- _Exercise input_
☆ ☆ ☆ ☆ ☆ ☆ ☆
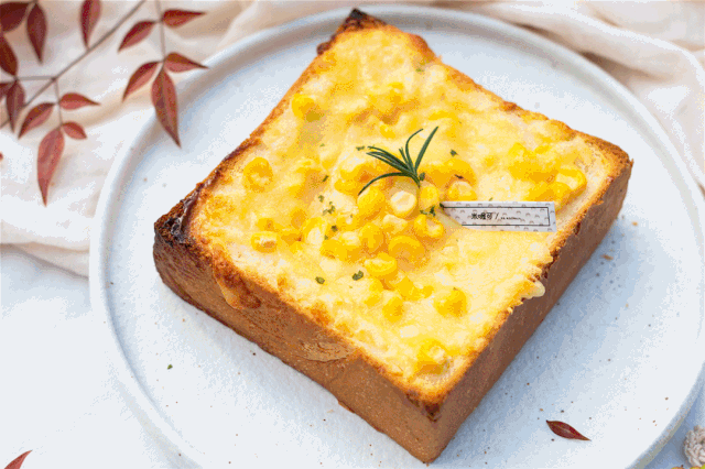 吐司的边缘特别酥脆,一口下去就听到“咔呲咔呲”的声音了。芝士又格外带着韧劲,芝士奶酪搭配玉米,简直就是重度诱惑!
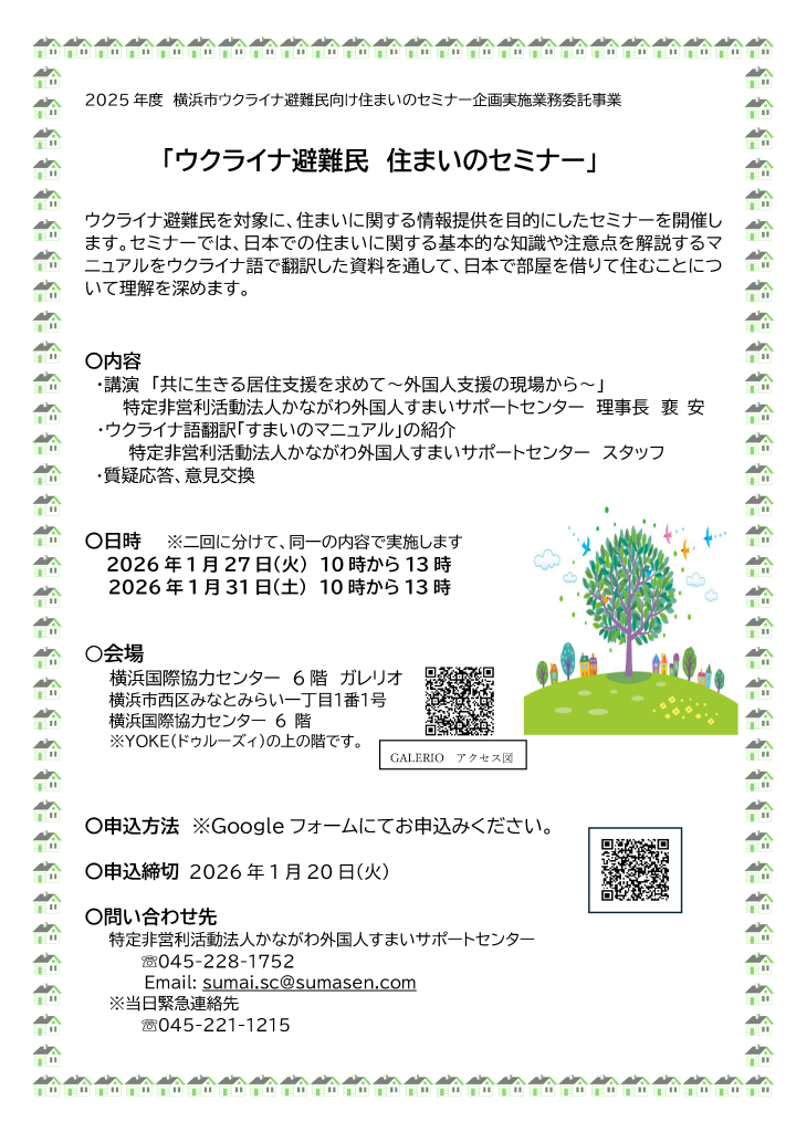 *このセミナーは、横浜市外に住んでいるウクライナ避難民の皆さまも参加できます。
☆ ☆ ☆ ☆ ☆ ☆ ☆
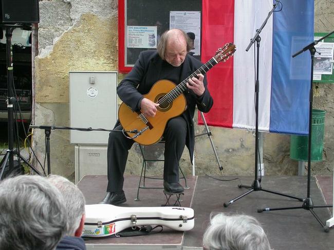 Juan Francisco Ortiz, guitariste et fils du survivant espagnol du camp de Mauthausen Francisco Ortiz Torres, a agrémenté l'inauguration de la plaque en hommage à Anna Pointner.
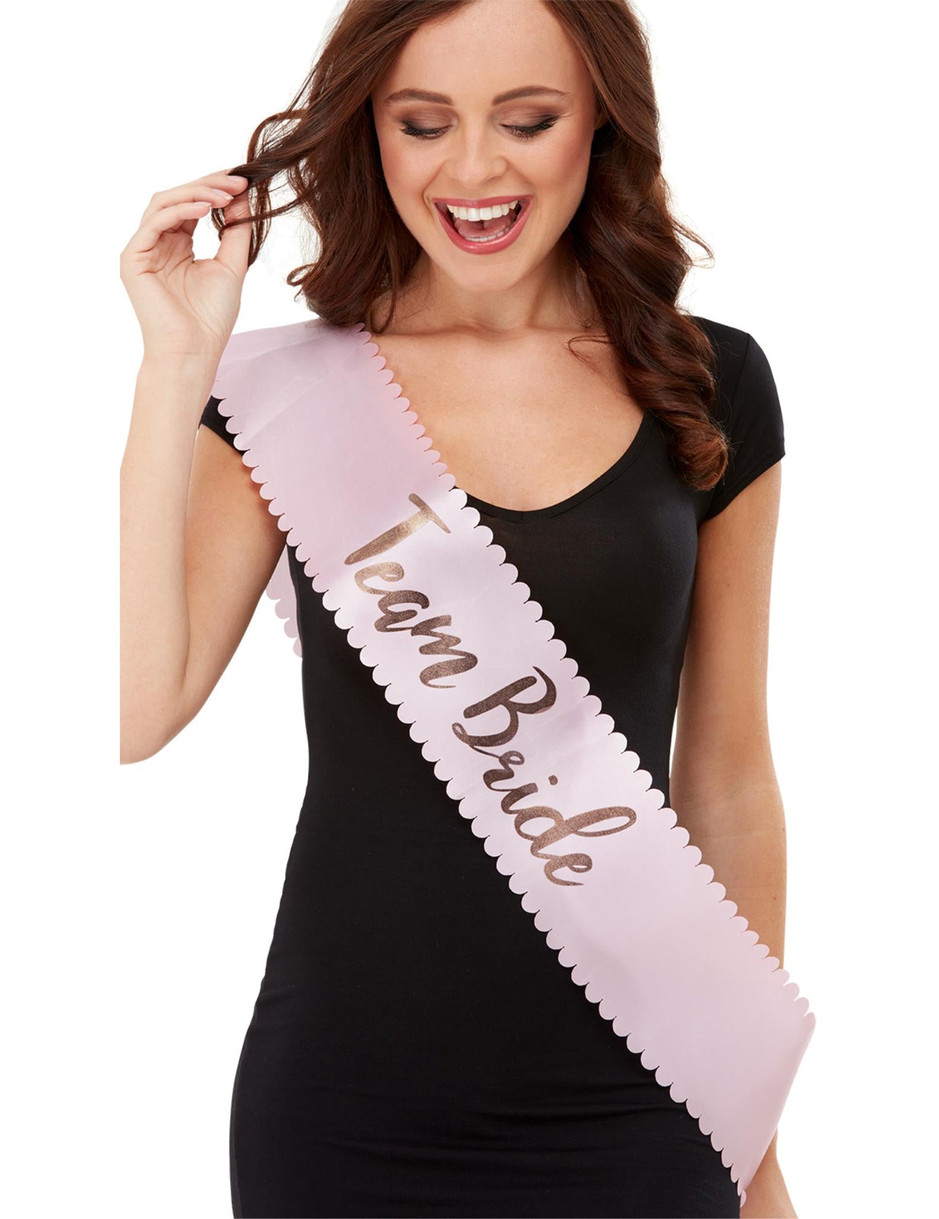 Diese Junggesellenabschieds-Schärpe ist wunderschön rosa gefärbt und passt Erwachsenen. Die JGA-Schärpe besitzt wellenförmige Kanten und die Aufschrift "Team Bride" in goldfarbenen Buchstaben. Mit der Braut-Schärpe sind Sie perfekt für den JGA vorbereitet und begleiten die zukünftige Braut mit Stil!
☆ ☆ ☆ ☆ ☆ ☆ ☆
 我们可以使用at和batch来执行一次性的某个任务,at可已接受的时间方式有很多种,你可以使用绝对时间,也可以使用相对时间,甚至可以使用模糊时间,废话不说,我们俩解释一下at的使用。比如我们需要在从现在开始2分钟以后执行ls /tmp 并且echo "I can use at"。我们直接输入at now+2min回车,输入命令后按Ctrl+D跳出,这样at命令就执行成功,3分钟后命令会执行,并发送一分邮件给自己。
☆ ☆ ☆ ☆ ☆ ☆ ☆
- _Task item_
The lines to reproduce run from the one above containing "Juan Francisco Ortiz, guitariste" through the one containing "Diese Junggesellenabschieds-Schärpe ist". Copy them exactly and leave out all pictures.

- _Exercise answer_
 Juan Francisco Ortiz, guitariste et fils du survivant espagnol du camp de Mauthausen Francisco Ortiz Torres, a agrémenté l'inauguration de la plaque en hommage à Anna Pointner.
 Diese Junggesellenabschieds-Schärpe ist wunderschön rosa gefärbt und passt Erwachsenen. Die JGA-Schärpe besitzt wellenförmige Kanten und die Aufschrift "Team Bride" in goldfarbenen Buchstaben. Mit der Braut-Schärpe sind Sie perfekt für den JGA vorbereitet und begleiten die zukünftige Braut mit Stil!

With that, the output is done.